OxiCUDA 0.1.8 Released — Numerical-Stability and Allocator Tuning Polish

Small but solid: a maintenance release that sharpens the numbers and the memory path under the whole stack.

Today we released OxiCUDA 0.1.8 — a maintenance release that tightens numerical stability in the HMC variational sampler and tunes the stream-ordered allocator, with a little reduction-quality polish on the side.

No CUDA SDK. No nvcc. No C/C++ toolchain at build time. OxiCUDA is a type-safe, memory-safe pure-Rust replacement for the entire NVIDIA CUDA Toolkit software stack — cuBLAS, cuDNN, cuFFT, cuSPARSE, cuSOLVER, cuRAND, and the foundation beneath them. The only runtime dependency is the NVIDIA driver itself (libcuda.so / nvcuda.dll). PTX is generated directly from Rust, and a built-in autotuner specializes kernels per GPU architecture from Turing through Blackwell. The result is a single static binary — or a WASM module — with multi-vendor portability backends (Metal, Vulkan, WebGPU, ROCm, LevelZero) underneath the same API.

Why 0.1.8 matters

This is a small release, and we want to be honest about that. There are no new subsystems here, no headline feature. What there is, is the kind of work that a numerical GPU stack lives or dies by: stability and tuning.

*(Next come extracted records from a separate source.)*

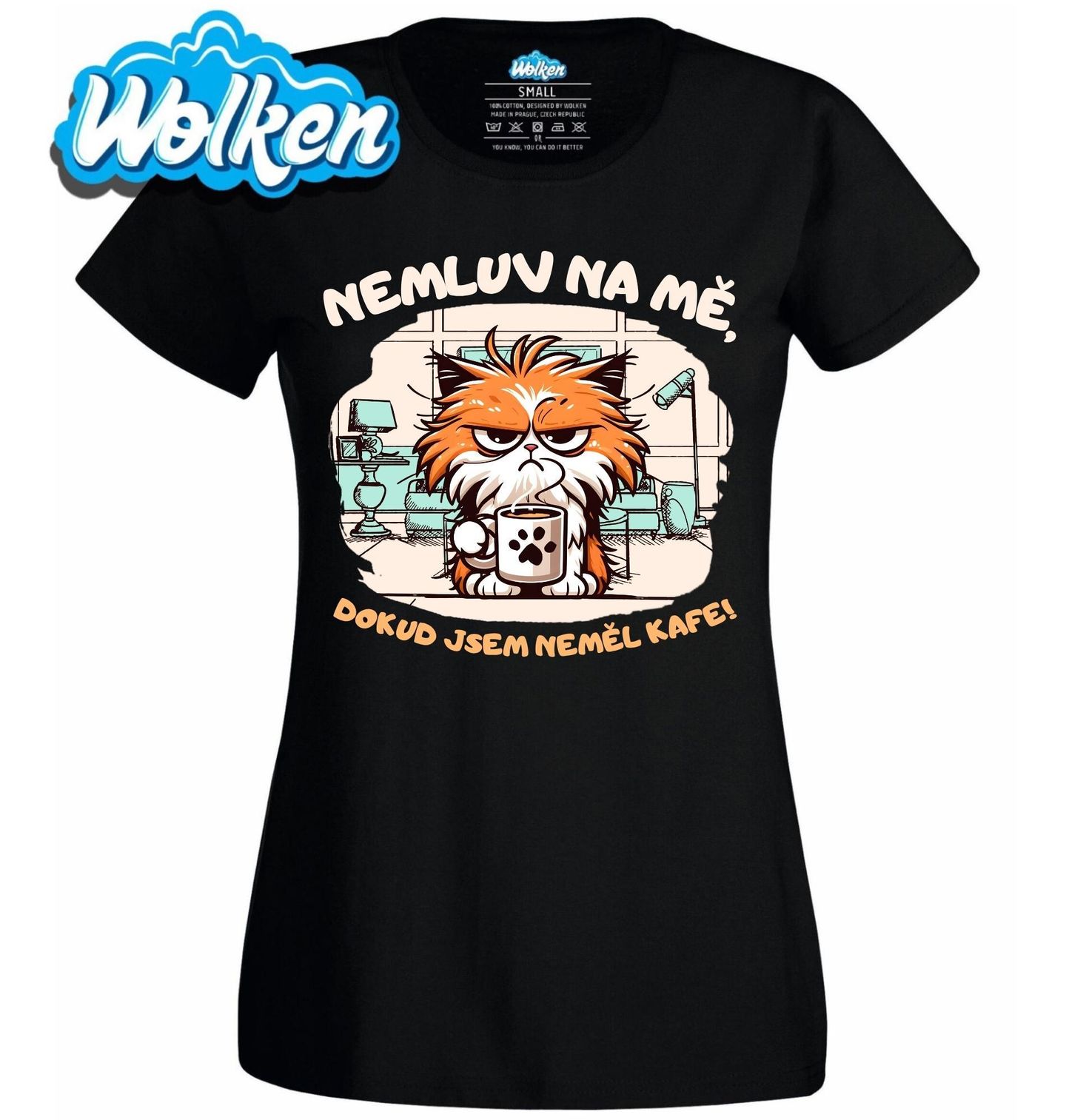 Dámské tričko Ranní Kočka Nemluv na mě, dokud jsem neměl kafe
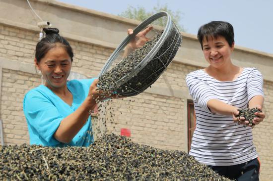 今年邓金涛迎来丰收年,目前黑枸杞已经摘收,村工作队帮助筛选、分级、晾晒,邓金涛种种植的黑枸杞质量上乘,成为其盖喀什村的黑枸杞种植大户。今年40亩黑枸杞,亩产量可以达到100公斤,收入达20余万元。
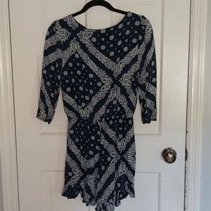 It's a long sleeve, blue, printed romper. It ties in the front between the chest. It is very flattering and comfortable.

That work earns its keep precisely because the failure modes it addresses are quiet ones. A Hamiltonian Monte Carlo sampler is sensitive to numerical error — step-size choice and leapfrog integration can drift, reject more proposals than they should, or subtly bias a posterior without ever throwing an error. A pooled, stream-ordered allocator sits on the hot path for throughput: get its reuse and fragmentation behavior wrong and you pay for it in sync overhead and memory pressure, not in a stack trace. And the quality of a dimensionality-reduction embedding shapes everything downstream that consumes it.

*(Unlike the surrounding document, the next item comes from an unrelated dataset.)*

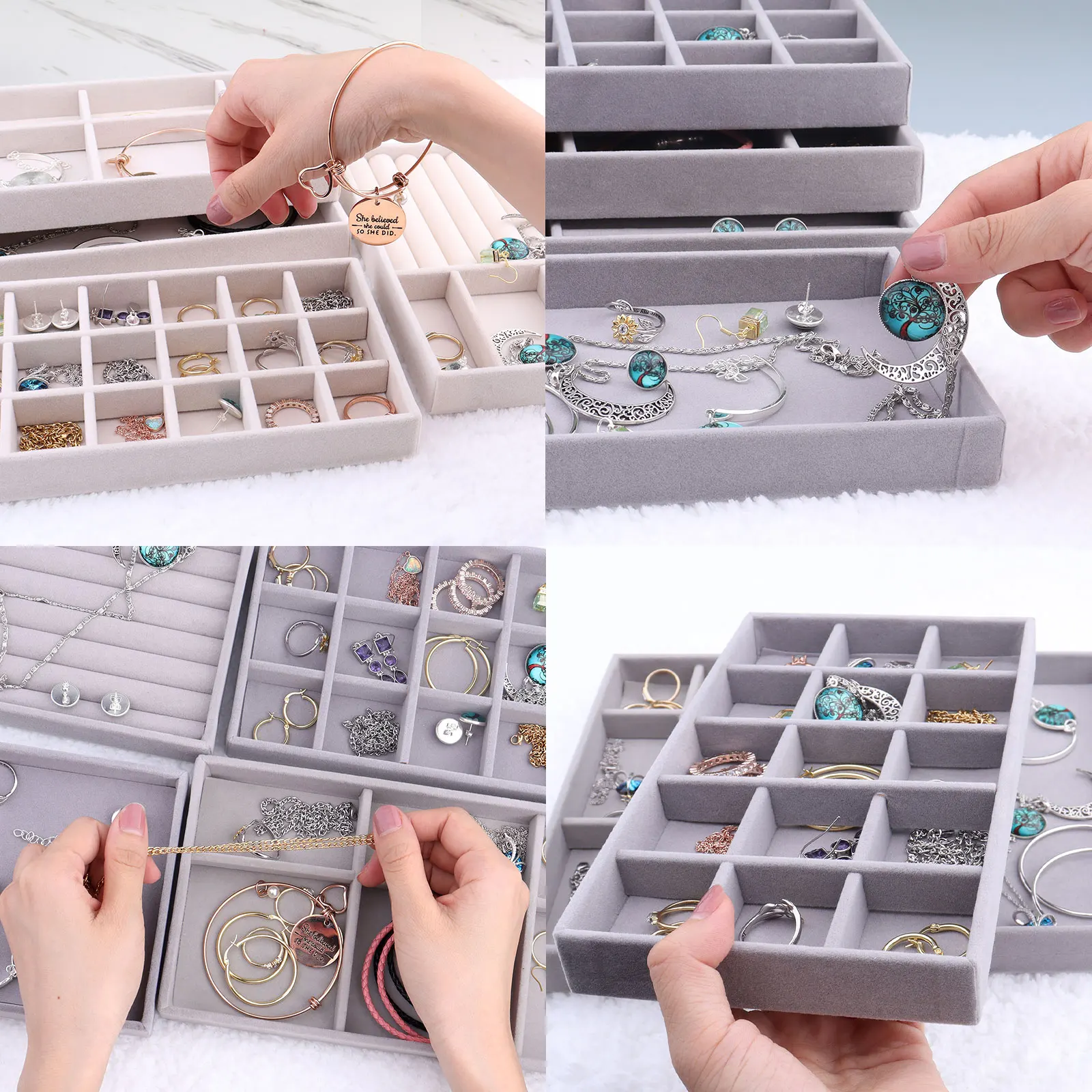 Бархатный Штабелируемый органайзер для ювелирных изделий, поднос для украшений, Лидер продаж, модный портативный органайзер для ювелирных изделий из бархата

None of these show up as crashes. They show up as results that are a little off, or a little slow. The way you keep them honest is a high regression bar, and at 0.1.8 the workspace carries 23,535 passing tests. That number is the point of a release like this one.

Technical Deep Dive: What Changed Under the Hood

Three changes, each in a different corner of the stack.

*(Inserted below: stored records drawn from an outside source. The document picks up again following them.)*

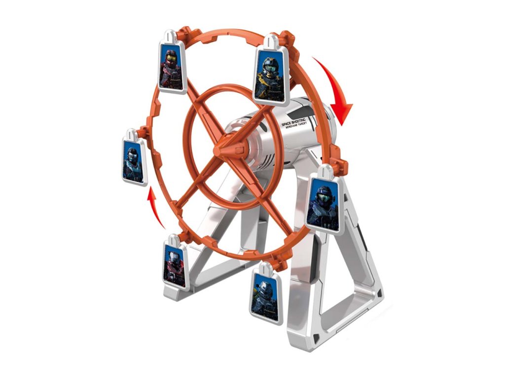 S rotirajućom metom gađanje će biti još impresivnije i uzbudljivije. Rotirajuća meta opremljena je magnetskim metama na kojima možete koristiti magnetske figure koje prikazuju različite akcijske figure. Magnetne figure možete jednostavno postaviti bilo kojim redoslijedom na metu.
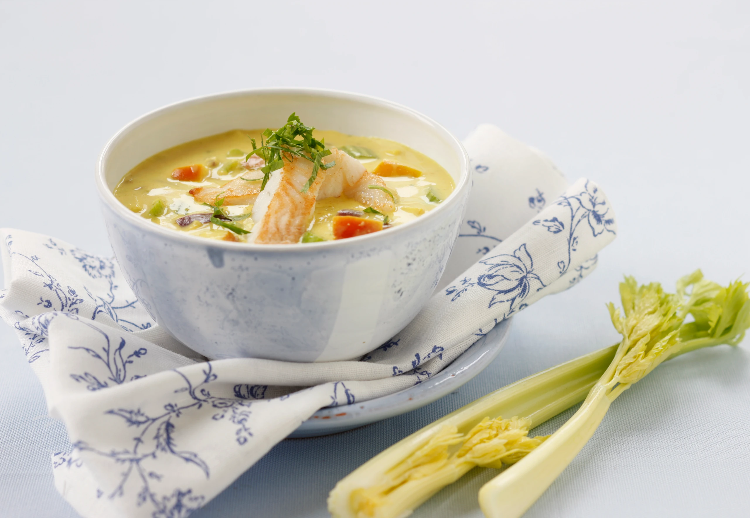 Apfel-Currysuppe mit Schollenfilets
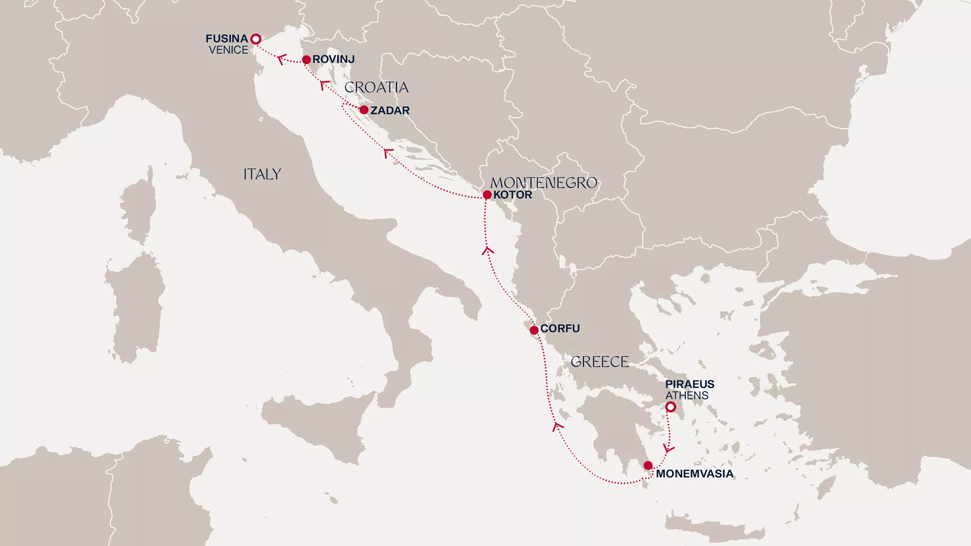 We follow adventurous Athenians to postcard Monemvasia, the Gibraltar of the Peloponnese. We power-lounge in Corfu where beaches and bars are set into jutting cliffs, then squeeze through the Bay of Kotor to tackle the 1, 350 steps up the steep walls of St John’s fortress then. We embrace Croatia’s curvy coast—caerulean Kotor, the assortment of colonnades, columns and sarcophagi in Zadar, and redolent Rovinj—before following the Grand Canal to Harry’s Bar for a Bellini’s and star gazing Saint Mark’s Basilica.

(a) HMC variational sampler stability — oxicuda-bayes. The Bayesian deep-learning crate provides variational inference, normalizing flows, ELBO/IWAE objectives, MC Dropout, Laplace approximation, and calibration (including ECE). Its Hamiltonian Monte Carlo sampler is one of the more numerically delicate pieces: leapfrog integration accumulates floating-point error across steps, and an unstable step size can degrade acceptance and distort the sampled posterior. This release refines the numerical handling in that path so the sampler holds together more tightly across step-size and trajectory-length regimes, giving cleaner posteriors without changing the public API.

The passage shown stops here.